EXERCISE BRIEF. A faithful copy of the data is the goal; set it down exactly, without the images.

GIVEN DATA.
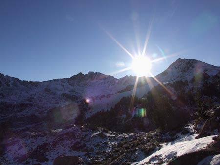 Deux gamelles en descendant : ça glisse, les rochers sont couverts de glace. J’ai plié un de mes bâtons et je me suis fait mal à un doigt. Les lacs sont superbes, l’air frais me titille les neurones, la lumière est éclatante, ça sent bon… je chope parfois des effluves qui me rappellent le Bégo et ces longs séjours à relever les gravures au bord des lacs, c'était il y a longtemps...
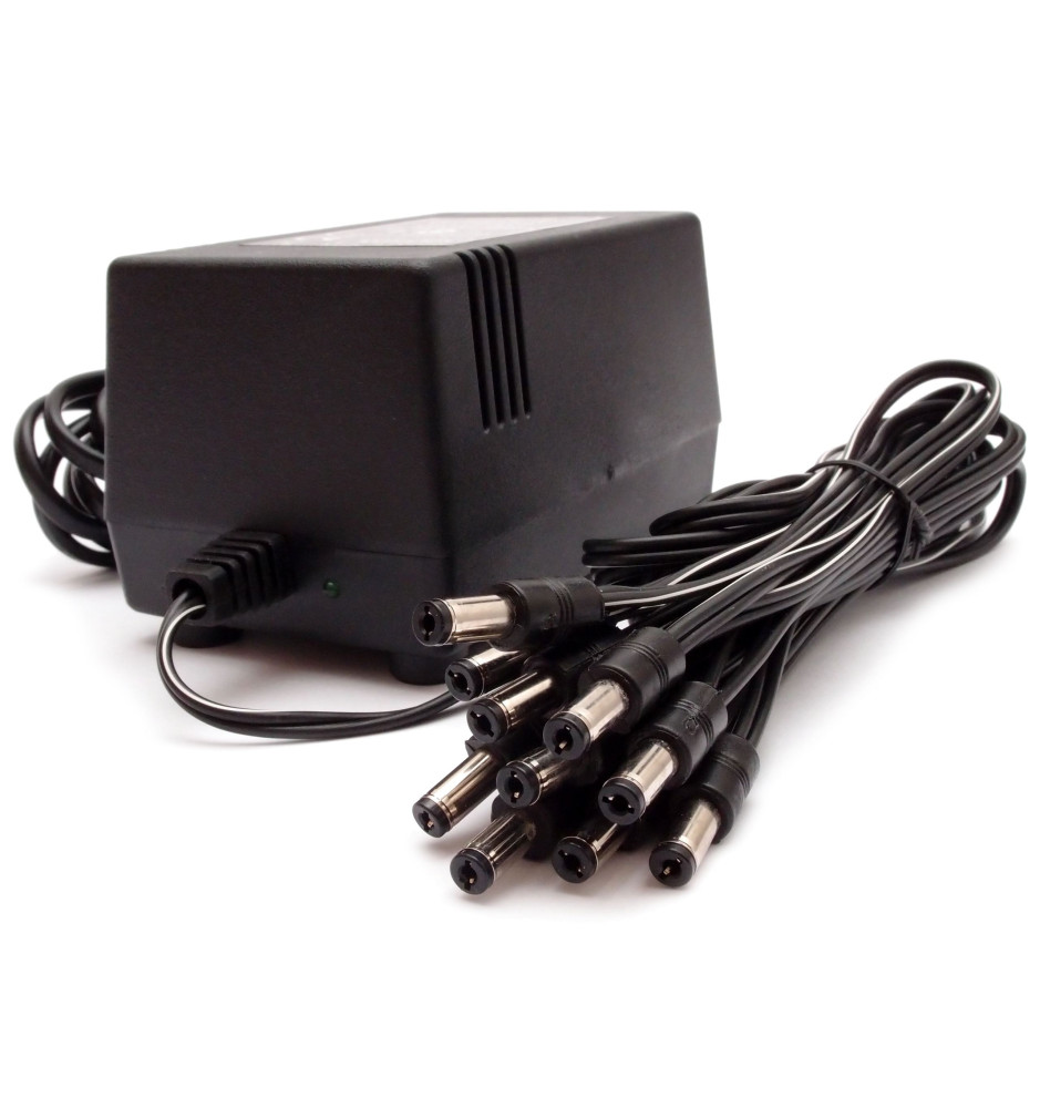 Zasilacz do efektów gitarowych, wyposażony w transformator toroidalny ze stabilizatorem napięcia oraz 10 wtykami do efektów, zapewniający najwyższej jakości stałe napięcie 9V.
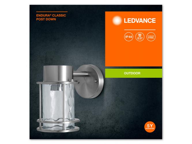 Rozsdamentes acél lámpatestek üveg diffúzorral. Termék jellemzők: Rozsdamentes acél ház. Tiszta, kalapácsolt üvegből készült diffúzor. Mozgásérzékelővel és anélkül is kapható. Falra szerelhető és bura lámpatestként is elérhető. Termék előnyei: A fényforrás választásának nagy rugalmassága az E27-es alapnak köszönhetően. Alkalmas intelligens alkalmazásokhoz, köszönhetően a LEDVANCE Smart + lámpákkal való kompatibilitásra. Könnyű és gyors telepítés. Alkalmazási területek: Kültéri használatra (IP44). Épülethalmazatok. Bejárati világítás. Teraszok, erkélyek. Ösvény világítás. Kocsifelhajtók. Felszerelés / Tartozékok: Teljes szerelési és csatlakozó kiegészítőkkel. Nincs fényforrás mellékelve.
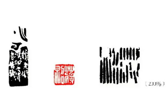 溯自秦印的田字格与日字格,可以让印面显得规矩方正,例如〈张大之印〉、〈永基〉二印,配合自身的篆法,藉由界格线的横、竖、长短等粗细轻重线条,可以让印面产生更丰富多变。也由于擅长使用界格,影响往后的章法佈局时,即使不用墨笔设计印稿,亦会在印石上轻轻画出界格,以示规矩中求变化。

SOLUTION TO THIS EXERCISE.
 Deux gamelles en descendant : ça glisse, les rochers sont couverts de glace. J’ai plié un de mes bâtons et je me suis fait mal à un doigt. Les lacs sont superbes, l’air frais me titille les neurones, la lumière est éclatante, ça sent bon… je chope parfois des effluves qui me rappellent le Bégo et ces longs séjours à relever les gravures au bord des lacs, c'était il y a longtemps...
 Zasilacz do efektów gitarowych, wyposażony w transformator toroidalny ze stabilizatorem napięcia oraz 10 wtykami do efektów, zapewniający najwyższej jakości stałe napięcie 9V.
 Rozsdamentes acél lámpatestek üveg diffúzorral. Termék jellemzők: Rozsdamentes acél ház. Tiszta, kalapácsolt üvegből készült diffúzor. Mozgásérzékelővel és anélkül is kapható. Falra szerelhető és bura lámpatestként is elérhető. Termék előnyei: A fényforrás választásának nagy rugalmassága az E27-es alapnak köszönhetően. Alkalmas intelligens alkalmazásokhoz, köszönhetően a LEDVANCE Smart + lámpákkal való kompatibilitásra. Könnyű és gyors telepítés. Alkalmazási területek: Kültéri használatra (IP44). Épülethalmazatok. Bejárati világítás. Teraszok, erkélyek. Ösvény világítás. Kocsifelhajtók. Felszerelés / Tartozékok: Teljes szerelési és csatlakozó kiegészítőkkel. Nincs fényforrás mellékelve.
 溯自秦印的田字格与日字格,可以让印面显得规矩方正,例如〈张大之印〉、〈永基〉二印,配合自身的篆法,藉由界格线的横、竖、长短等粗细轻重线条,可以让印面产生更丰富多变。也由于擅长使用界格,影响往后的章法佈局时,即使不用墨笔设计印稿,亦会在印石上轻轻画出界格,以示规矩中求变化。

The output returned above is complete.